• **DATA FOR ANALYSIS**
--*--

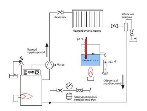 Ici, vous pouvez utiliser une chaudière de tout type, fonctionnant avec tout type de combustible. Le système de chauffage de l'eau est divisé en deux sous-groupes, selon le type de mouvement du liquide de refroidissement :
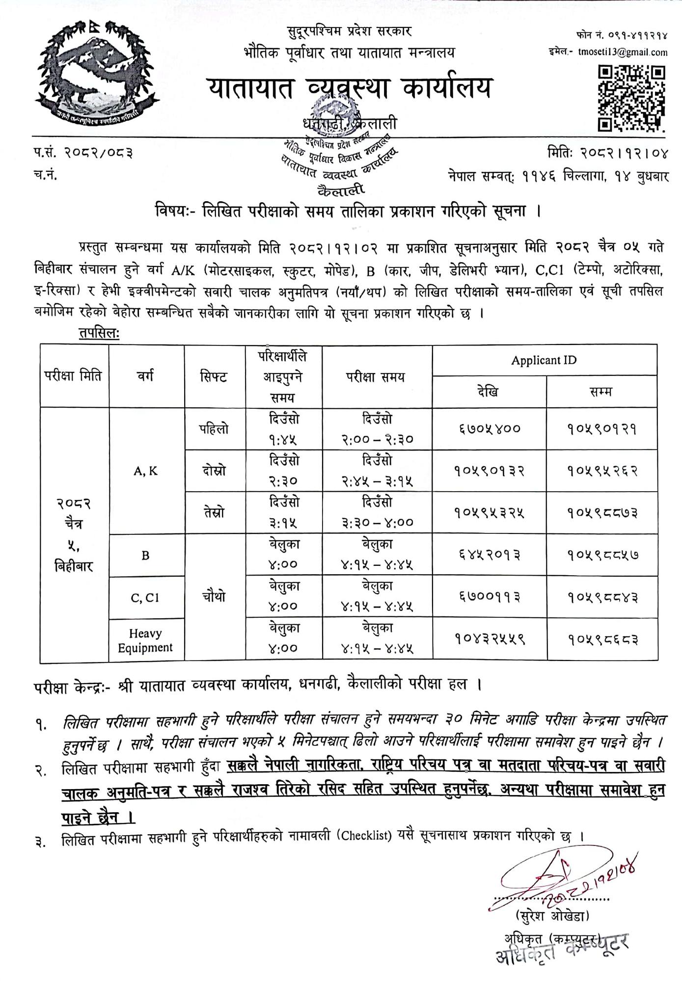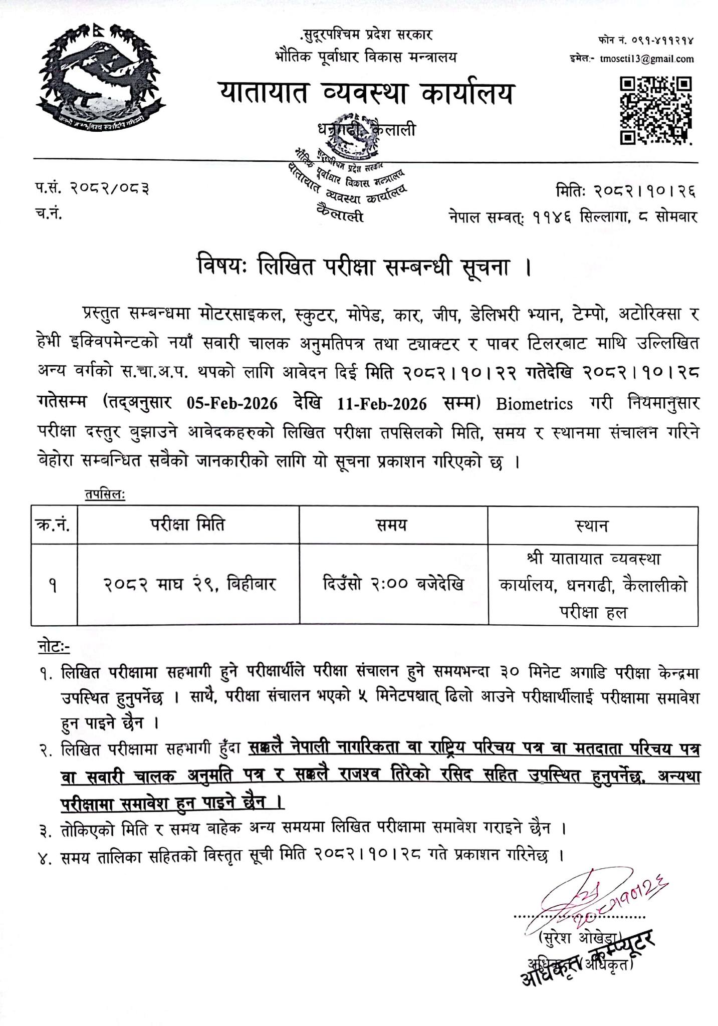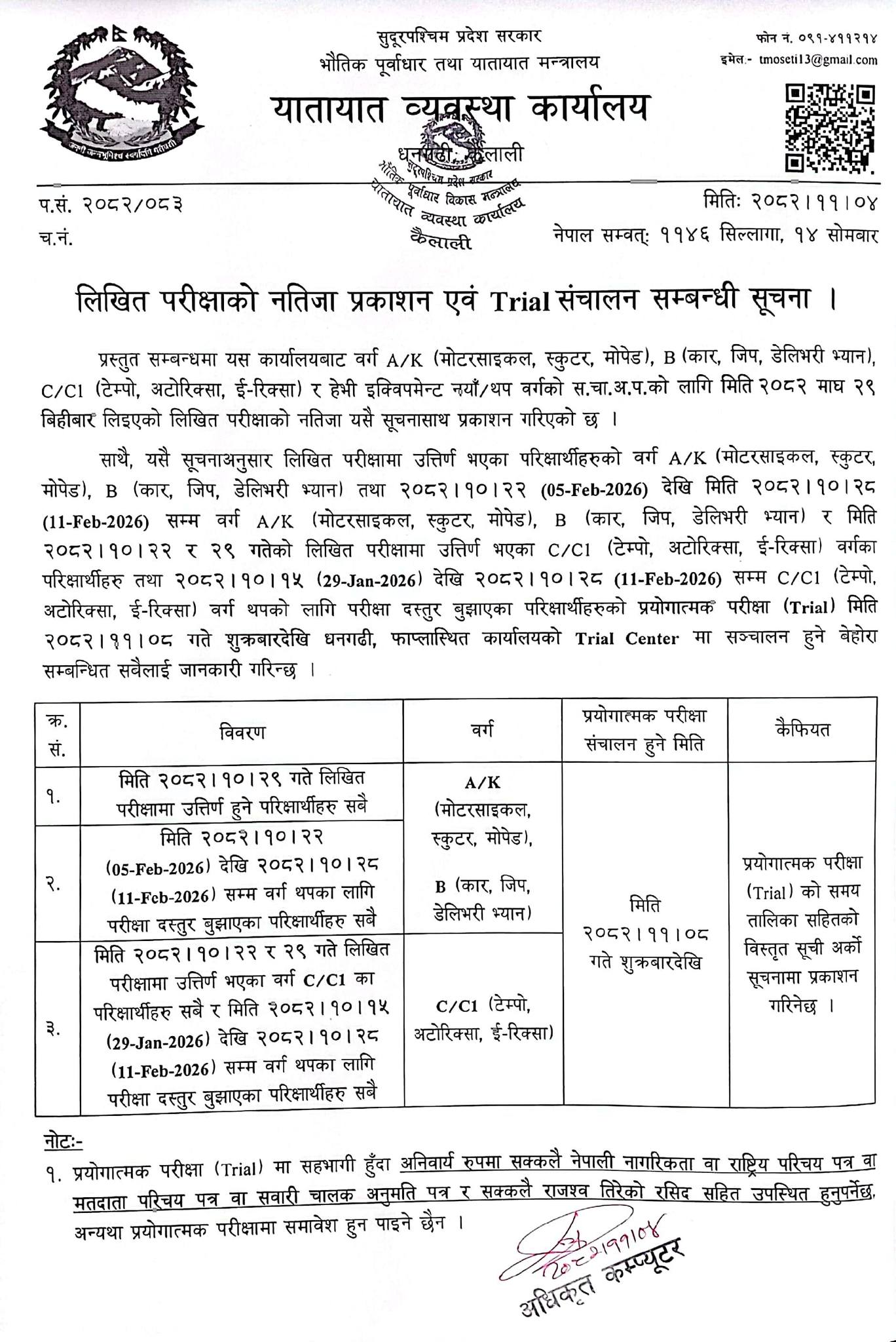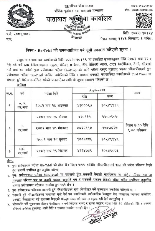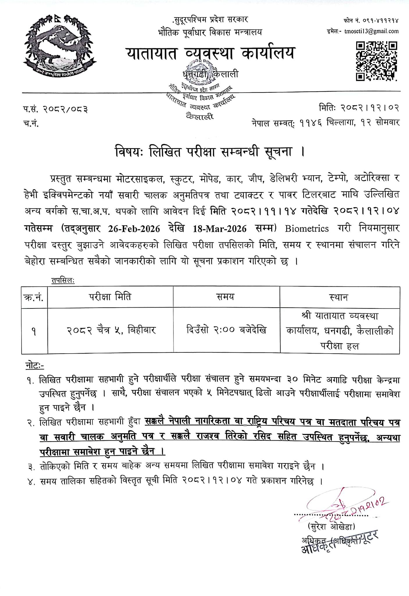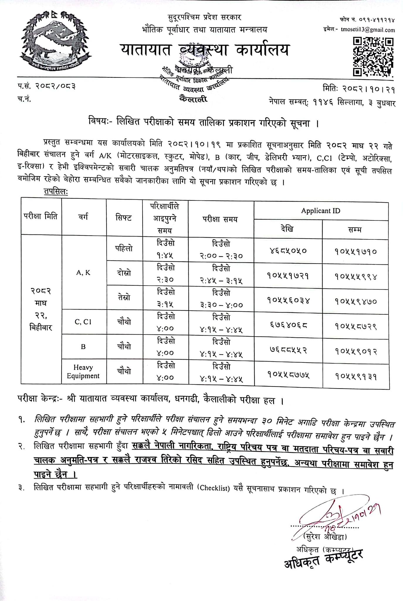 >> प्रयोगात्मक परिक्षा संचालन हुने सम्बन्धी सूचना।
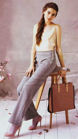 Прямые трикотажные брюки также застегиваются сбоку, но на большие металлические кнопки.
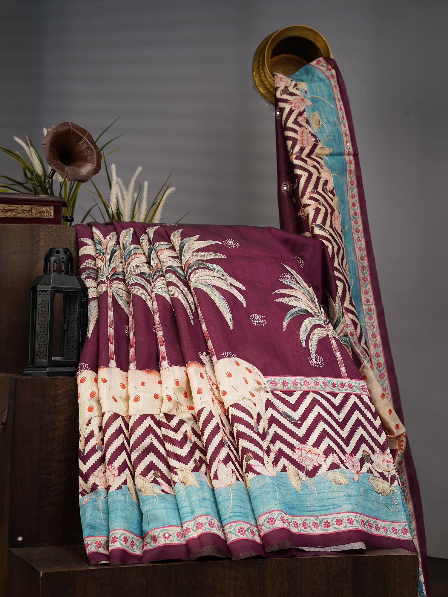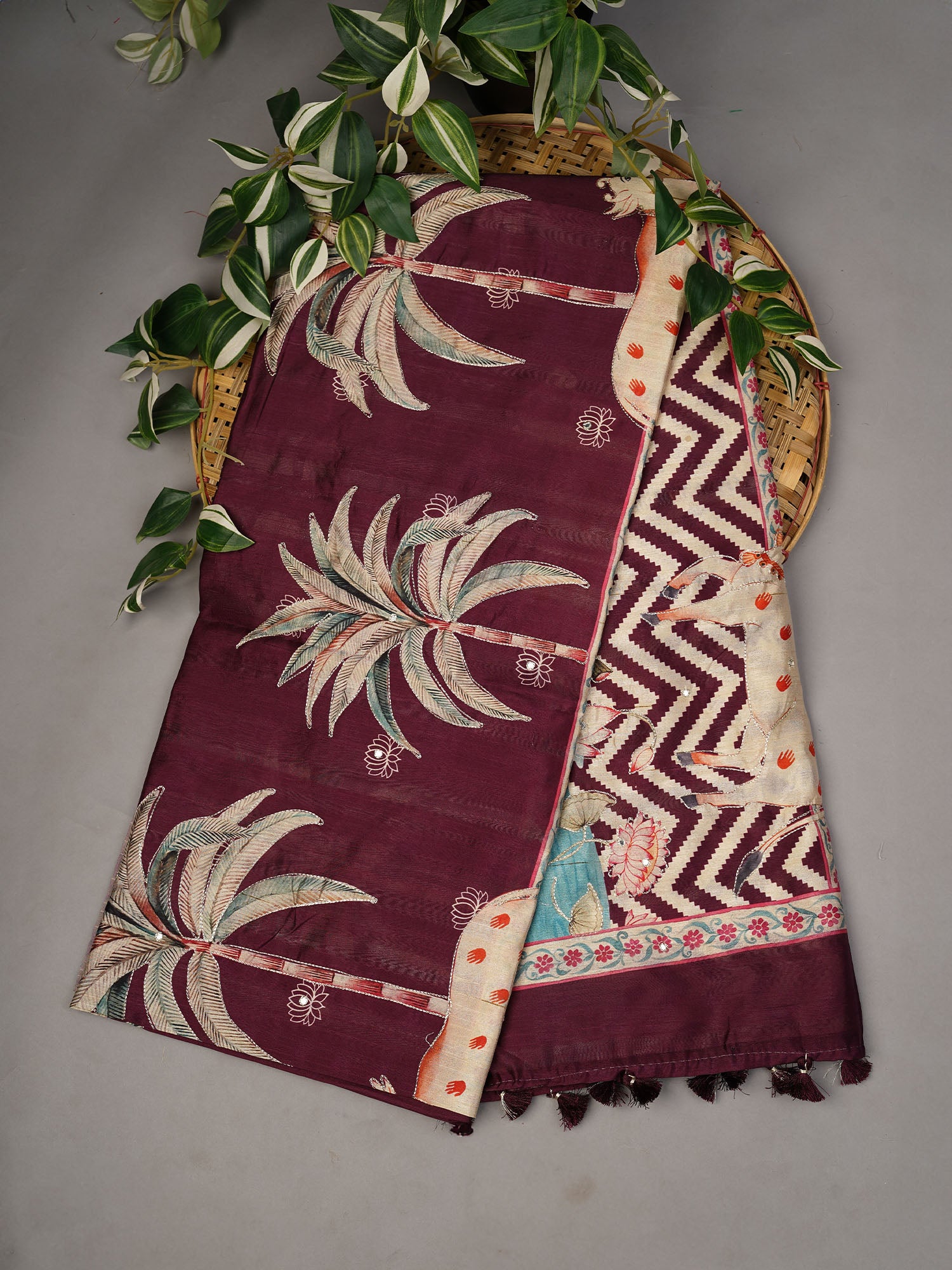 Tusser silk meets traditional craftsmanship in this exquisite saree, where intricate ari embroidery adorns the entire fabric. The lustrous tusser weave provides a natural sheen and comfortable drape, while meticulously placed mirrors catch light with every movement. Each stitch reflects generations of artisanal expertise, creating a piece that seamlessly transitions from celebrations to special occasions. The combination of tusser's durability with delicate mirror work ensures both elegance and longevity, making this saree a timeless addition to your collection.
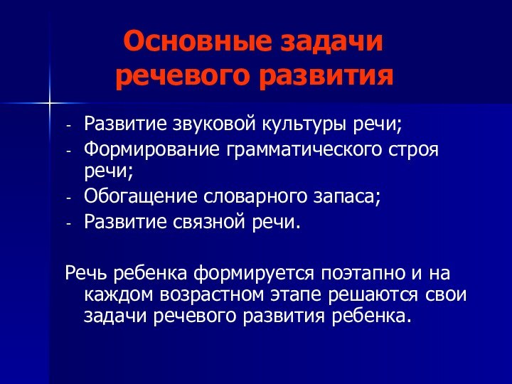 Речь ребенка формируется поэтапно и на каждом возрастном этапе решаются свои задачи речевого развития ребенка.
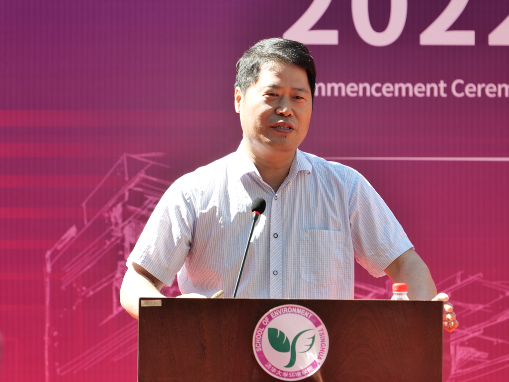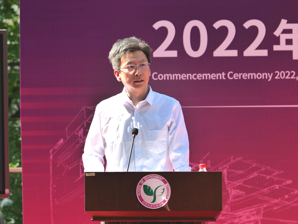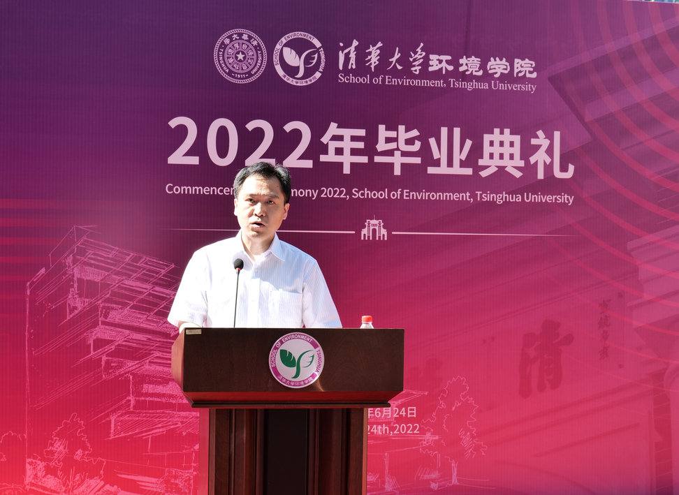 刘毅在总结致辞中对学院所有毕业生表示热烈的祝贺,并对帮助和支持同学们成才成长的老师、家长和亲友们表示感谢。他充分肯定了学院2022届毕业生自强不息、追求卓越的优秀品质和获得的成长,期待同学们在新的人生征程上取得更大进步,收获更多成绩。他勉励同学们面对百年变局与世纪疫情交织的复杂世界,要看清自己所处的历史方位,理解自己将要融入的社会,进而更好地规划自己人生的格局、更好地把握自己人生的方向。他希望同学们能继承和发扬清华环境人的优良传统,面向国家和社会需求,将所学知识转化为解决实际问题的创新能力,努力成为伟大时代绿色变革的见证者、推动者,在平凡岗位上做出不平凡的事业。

--*--

Without including any pictures, set down word for word every line from the one containing "Прямые трикотажные брюки" through the last line of the material.

• **TASK RESPONSE**
 Прямые трикотажные брюки также застегиваются сбоку, но на большие металлические кнопки.
 Tusser silk meets traditional craftsmanship in this exquisite saree, where intricate ari embroidery adorns the entire fabric. The lustrous tusser weave provides a natural sheen and comfortable drape, while meticulously placed mirrors catch light with every movement. Each stitch reflects generations of artisanal expertise, creating a piece that seamlessly transitions from celebrations to special occasions. The combination of tusser's durability with delicate mirror work ensures both elegance and longevity, making this saree a timeless addition to your collection.
 Речь ребенка формируется поэтапно и на каждом возрастном этапе решаются свои задачи речевого развития ребенка.
 刘毅在总结致辞中对学院所有毕业生表示热烈的祝贺,并对帮助和支持同学们成才成长的老师、家长和亲友们表示感谢。他充分肯定了学院2022届毕业生自强不息、追求卓越的优秀品质和获得的成长,期待同学们在新的人生征程上取得更大进步,收获更多成绩。他勉励同学们面对百年变局与世纪疫情交织的复杂世界,要看清自己所处的历史方位,理解自己将要融入的社会,进而更好地规划自己人生的格局、更好地把握自己人生的方向。他希望同学们能继承和发扬清华环境人的优良传统,面向国家和社会需求,将所学知识转化为解决实际问题的创新能力,努力成为伟大时代绿色变革的见证者、推动者,在平凡岗位上做出不平凡的事业。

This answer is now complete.